Approximate Relational Reasoning for Higher-Order Probabilistic Programs
Properties such as provable security and correctness for randomized programs are naturally expressed relationally as approximate equivalences. As a result, a number of relational program logics have been developed to reason about such approximate equivalences of probabilistic programs. However, existing approximate relational logics are mostly restricted to first-order programs without general state.
In this paper we develop Approxis, a \emph{higher-order approximate relational separation logic} for reasoning about approximate equivalence of programs written in an expressive ML-like language with discrete probabilistic sampling, higher-order functions, and higher-order state. The Approxis logic recasts the concept of \emph{error credits} in the relational setting to reason about relational approximation, which allows for expressive notions of modularity and composition, a range of new approximate relational rules, and an internalization of a standard limiting argument for showing exact probabilistic equivalences by approximation.
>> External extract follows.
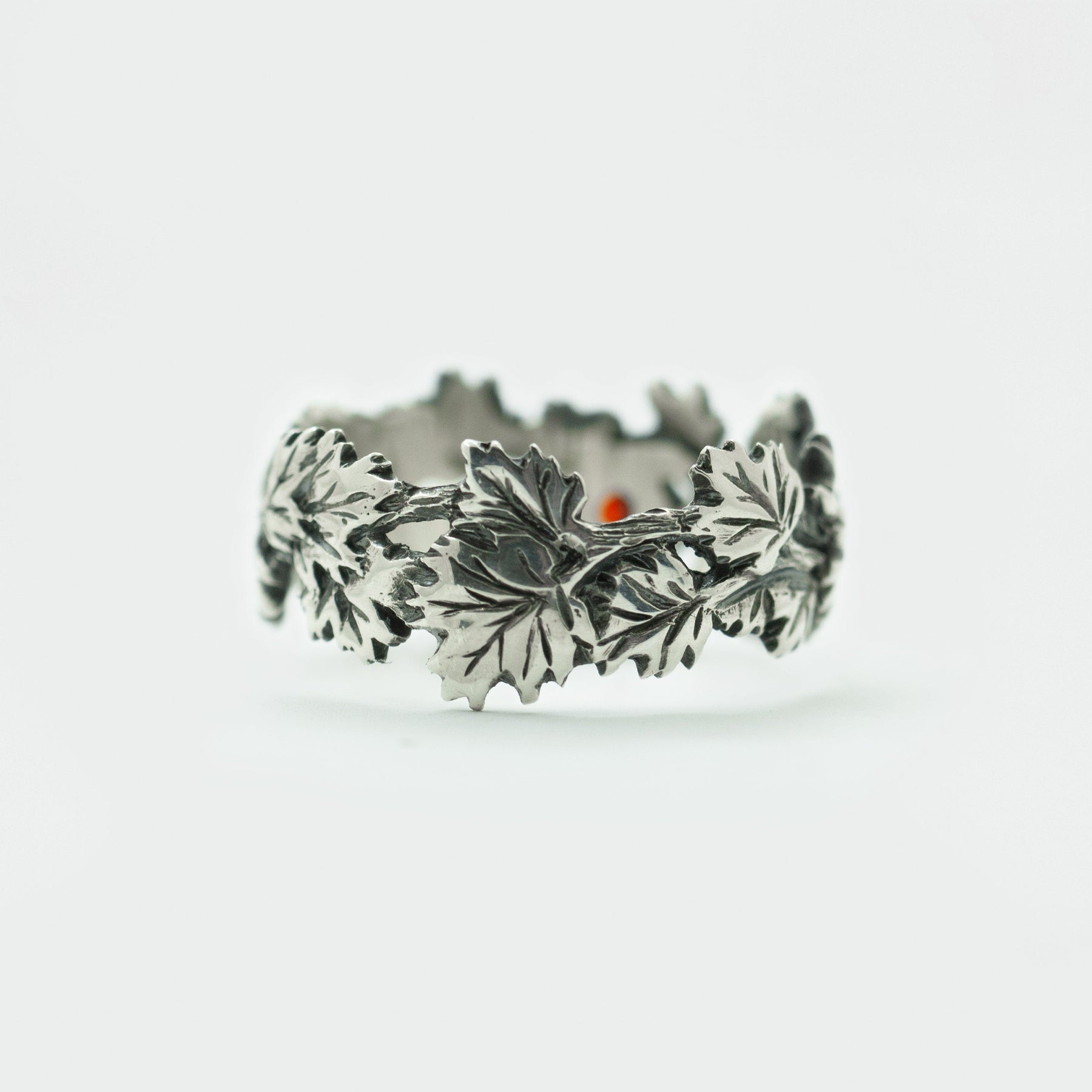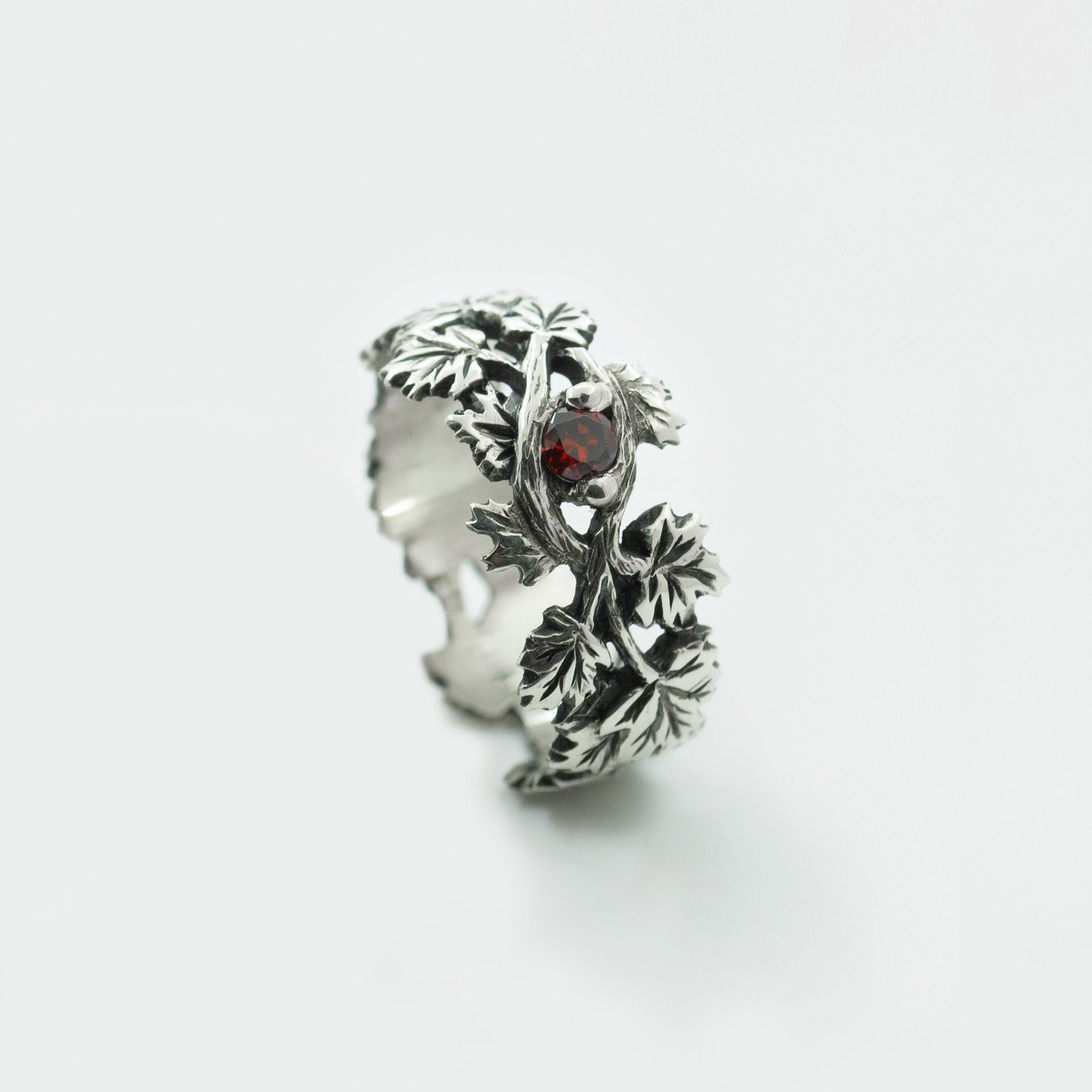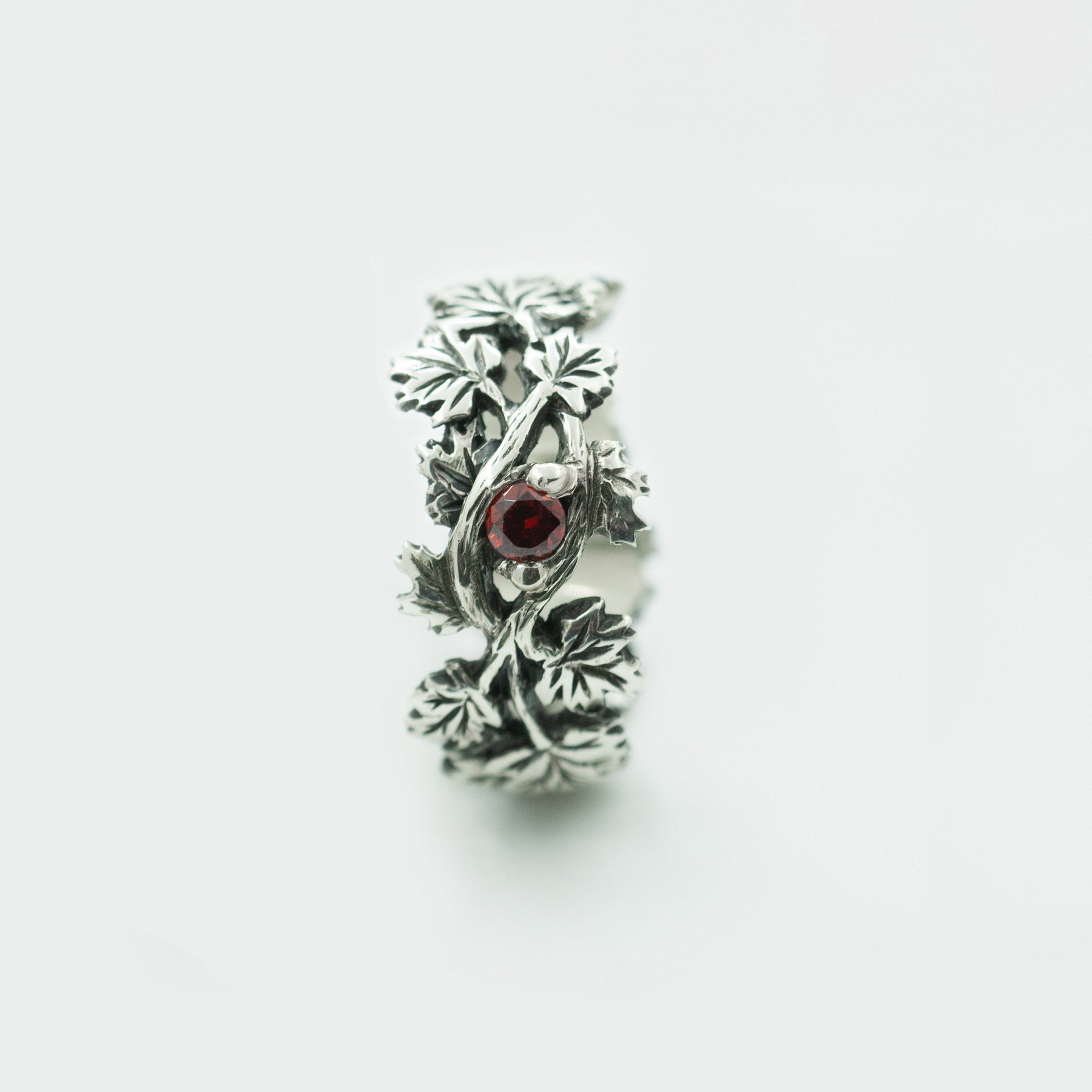 Oxidized Sterling Silver Maple Leaf Ring: Red Cubic Zirconia
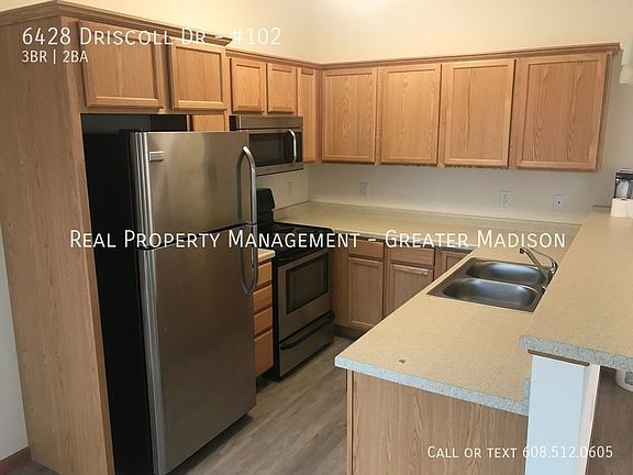This 1610 square foot apartment home has 3 bedrooms and 1.5 bathrooms. This home is located at 6428 Driscoll Dr #102, Madison, WI 53718.

We also use Approxis to develop a logical relation model that quantifies over error credits, which can be used to prove \emph{exact contextual equivalence}. We demonstrate the flexibility of our approach on a range of examples, including the PRP/PRF switching lemma, IND$-CPA security of an encryption scheme, and a collection of rejection samplers. All of the results have been mechanized in the Coq proof assistant and the Iris separation logic framework.